++++ Material provided ++++

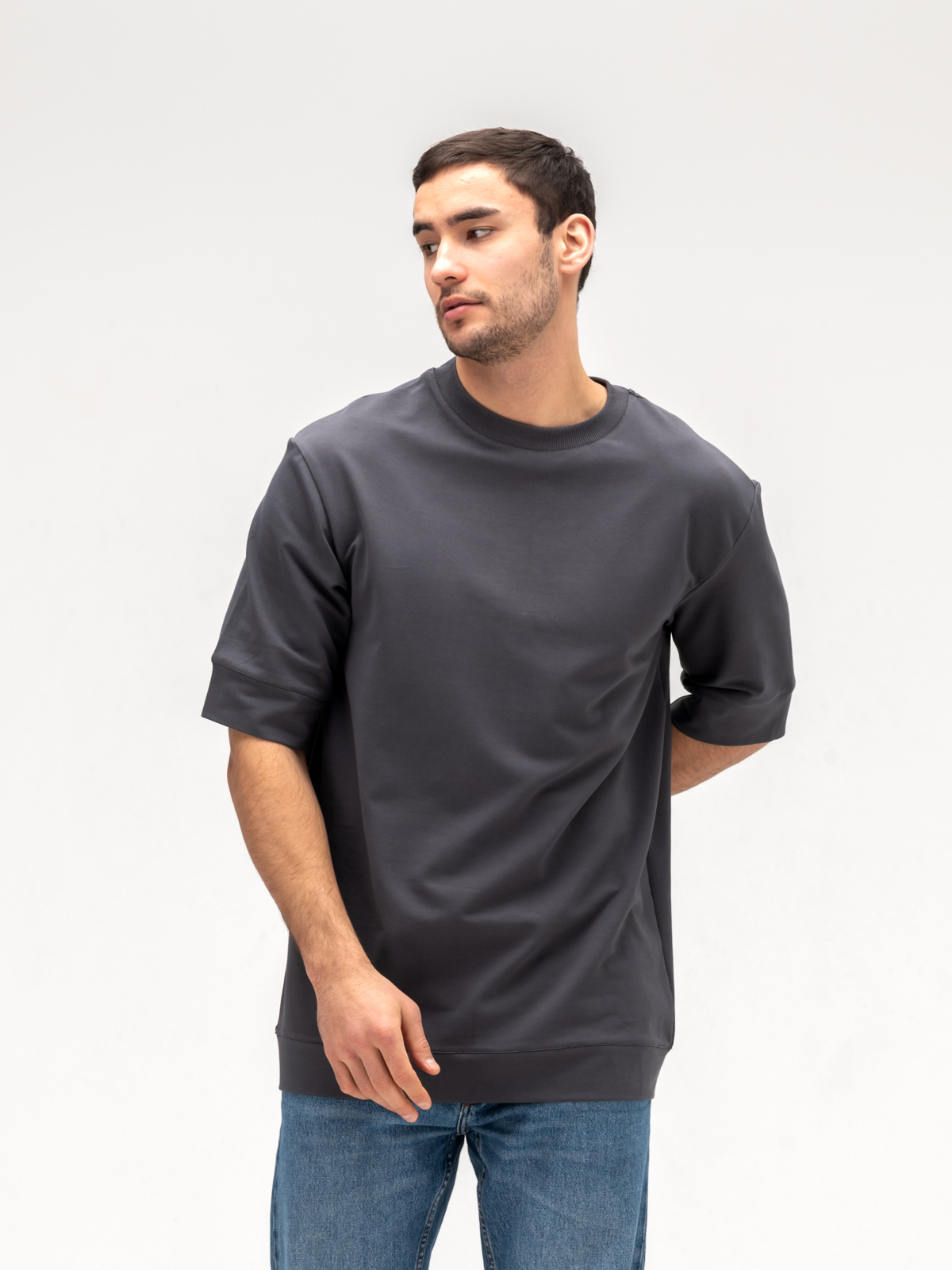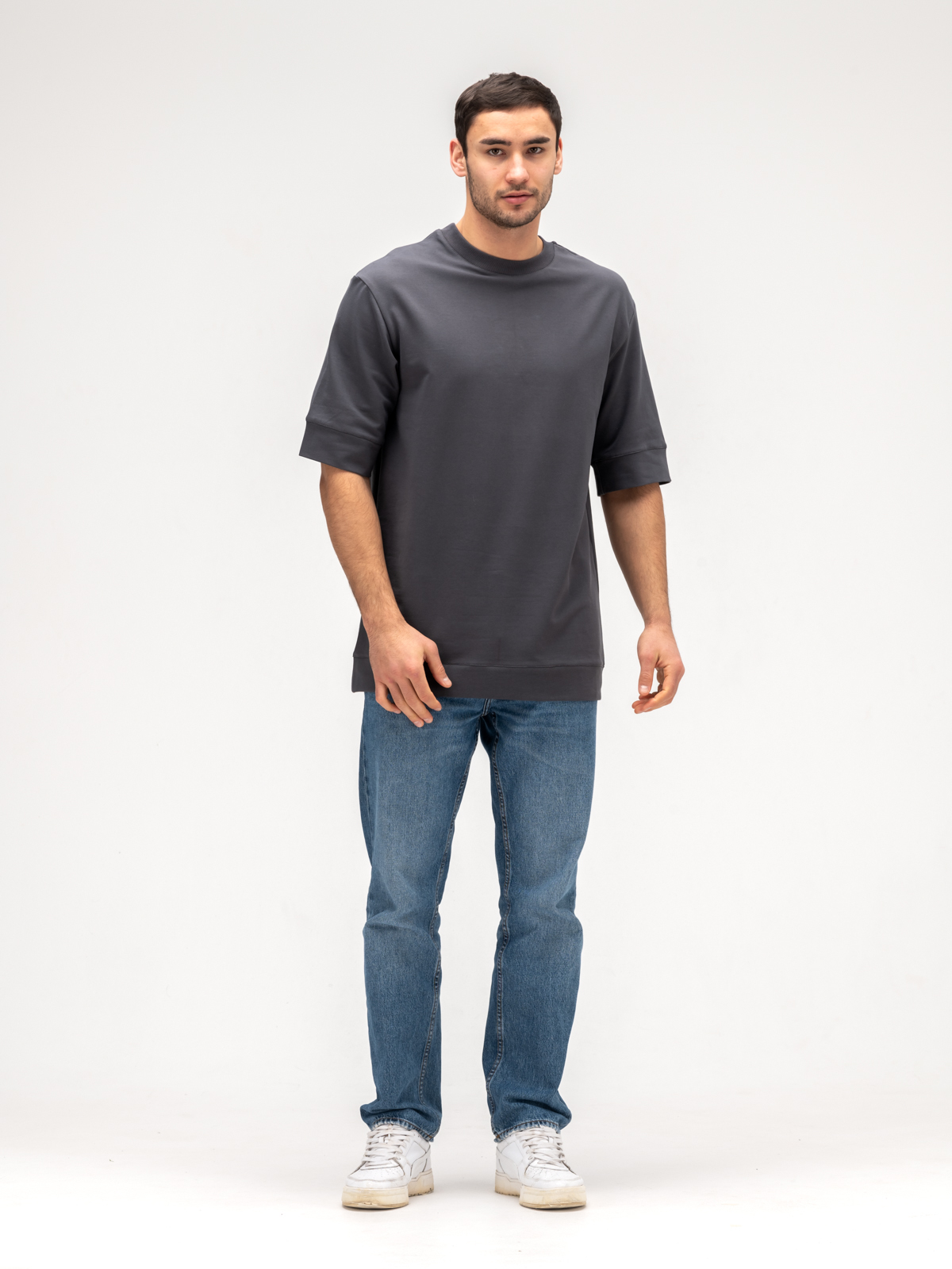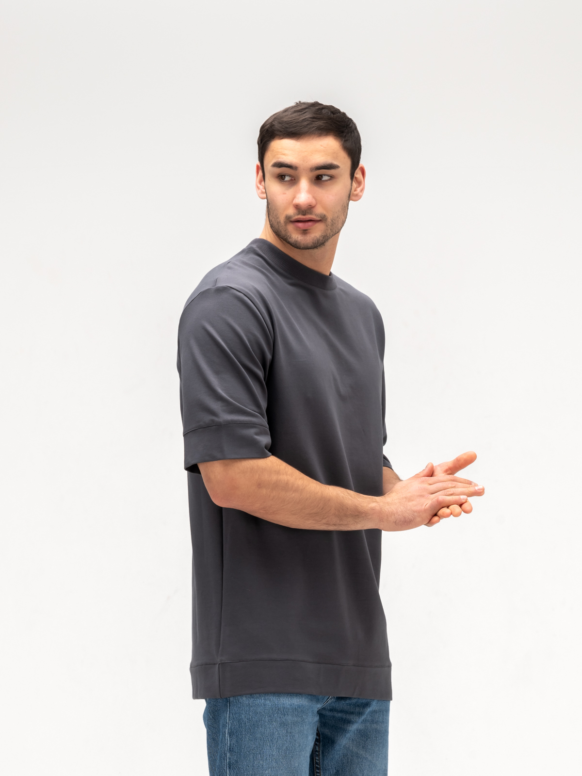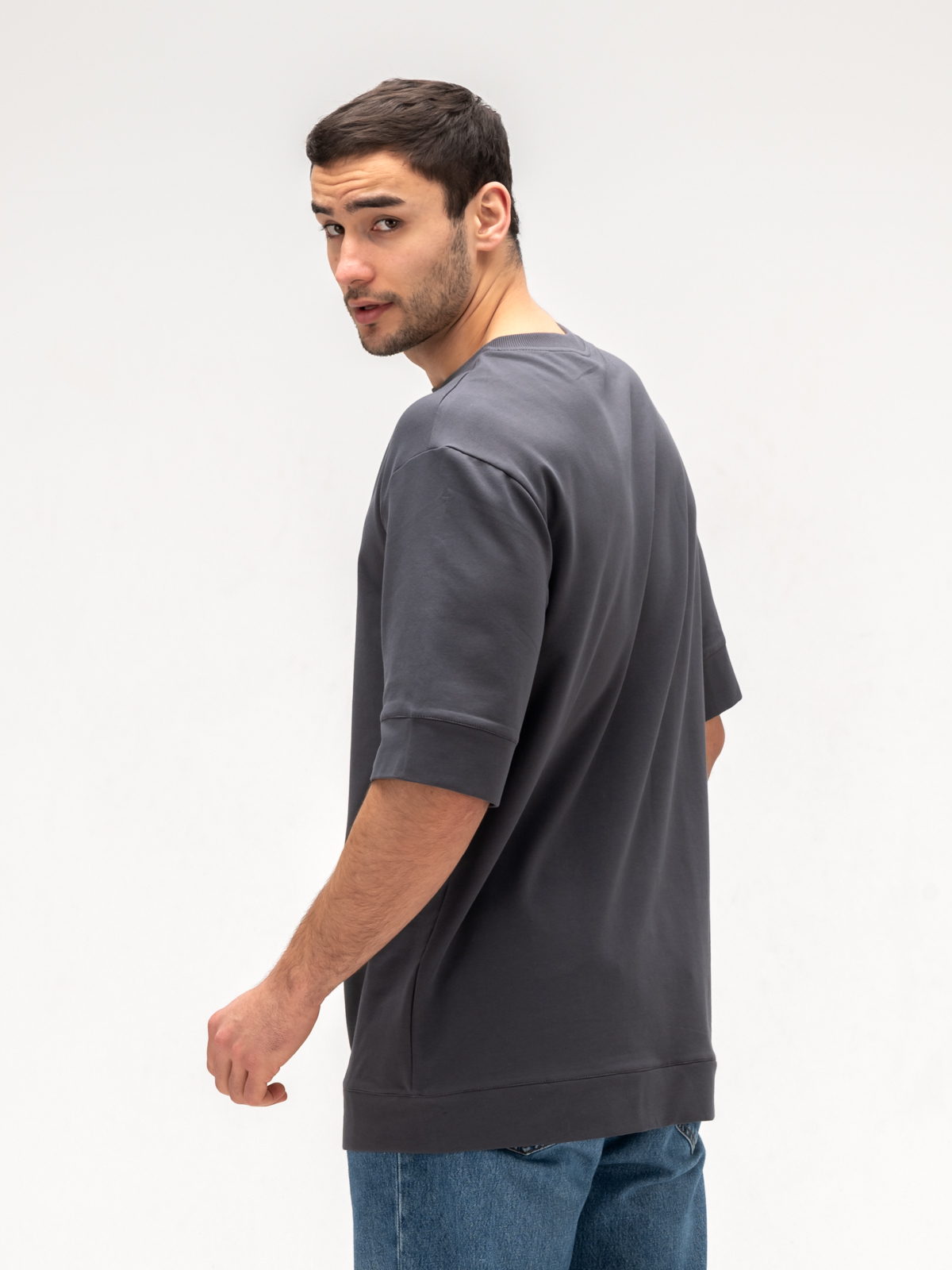 Мужская футболка свободного кроя сшита из плотного хлопка премиального качества от турецкого производителя. Декатирование ткани перед раскроем обеспечивает долговечность и износостойкость, сохраняя форму и цвет даже после множества стирок. Мягкая текстура материала приятна к телу, обеспечивая комфорт в любую погоду. Свободный крой подчеркивает стиль и универсальность, делая футболку идеальной как для повседневной носки, так и для создания модных образов. Аккуратные швы и качественная обработка краев подчеркивают внимание к деталям, а минималистичный дизайн делает ее актуальной в любом сезоне. Эта футболка — воплощение сдержанной элегантности и практичности, которая станет незаменимой в гардеробе современного мужчины.
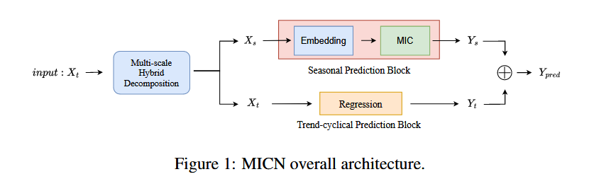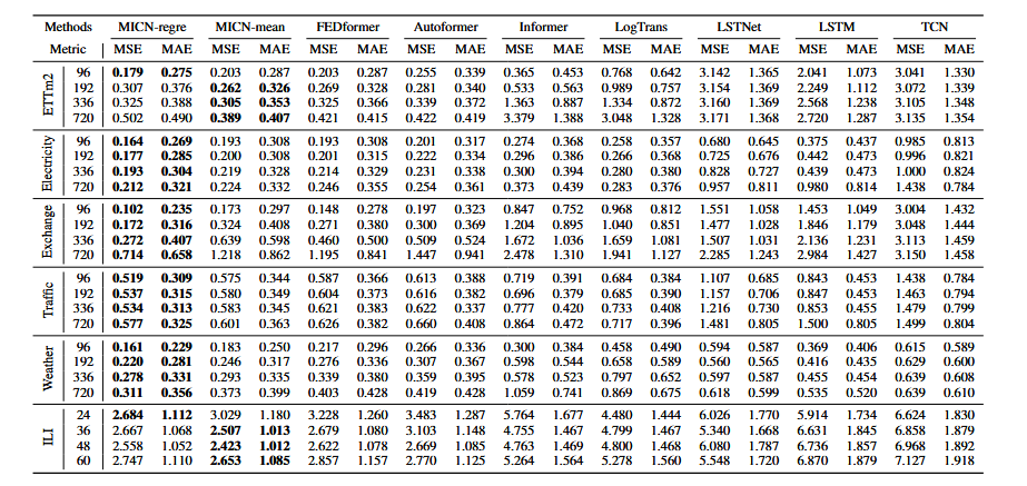 - 提出基于卷积结构的MICN来高效替代自注意力,并实现线性计算复杂度和内存成本。
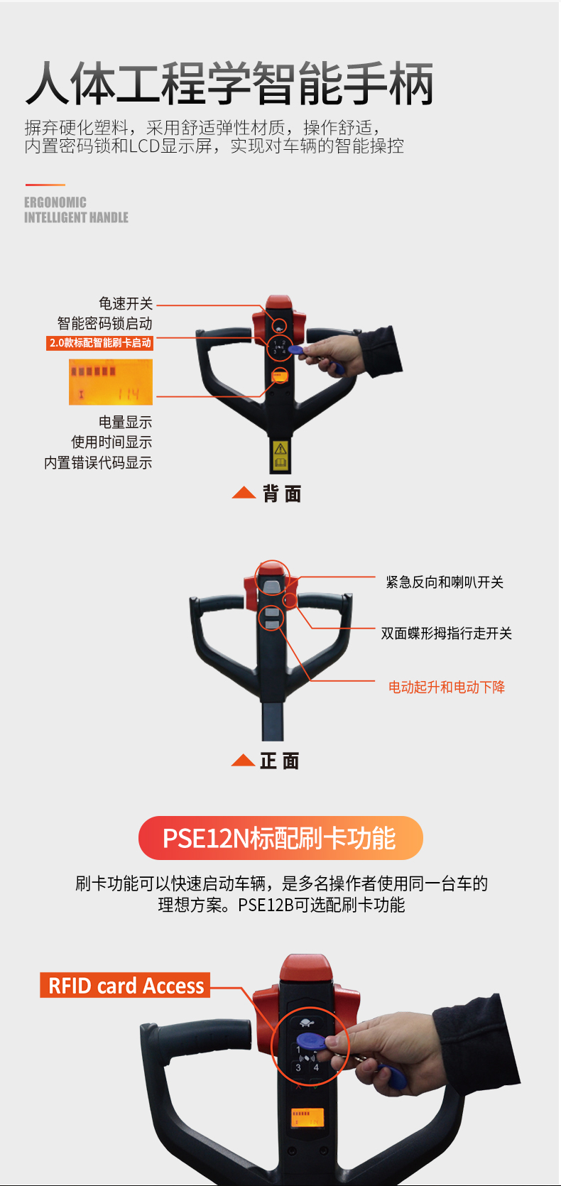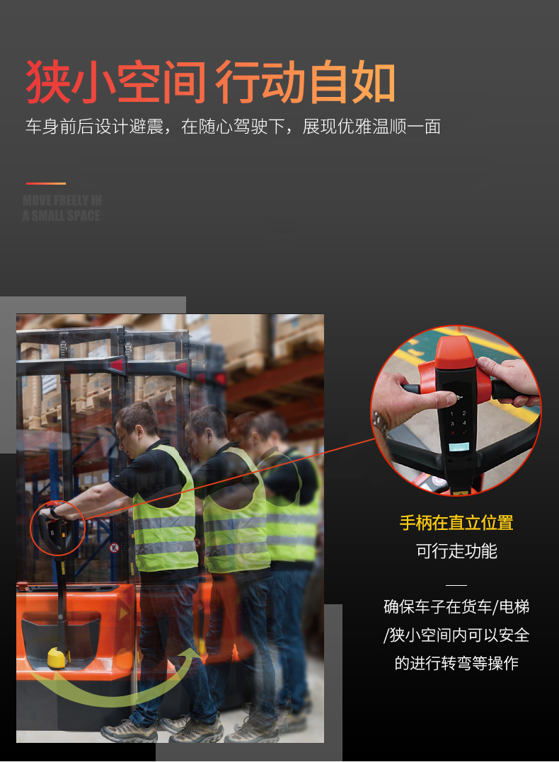 産品賣點(diǎn) 适用于小(xiao)噸位物料(liao)堆高搬運(yun) 中層樓高(gao)應用場所(suǒ)的📱理想選(xuǎn)擇 内置充(chōng)電器确保(bǎo)使用的高(gāo)自主性 緊(jǐn)湊&自重小(xiao) 12B:免維護鉛(qiān)酸電池/12N:快(kuài)充锂電池(chí) 多功能☎️手(shǒu)柄,可操作(zuo)性強

++++

## Work order:
In the copy, only the lines from the one holding "- 提出基于卷积结构的MIC" through the end of the listing above should appear, retyped exactly, both ends included, with no pictures.

## Answer box:
 - 提出基于卷积结构的MICN来高效替代自注意力,并实现线性计算复杂度和内存成本。
 産品賣點(diǎn) 适用于小(xiao)噸位物料(liao)堆高搬運(yun) 中層樓高(gao)應用場所(suǒ)的📱理想選(xuǎn)擇 内置充(chōng)電器确保(bǎo)使用的高(gāo)自主性 緊(jǐn)湊&自重小(xiao) 12B:免維護鉛(qiān)酸電池/12N:快(kuài)充锂電池(chí) 多功能☎️手(shǒu)柄,可操作(zuo)性強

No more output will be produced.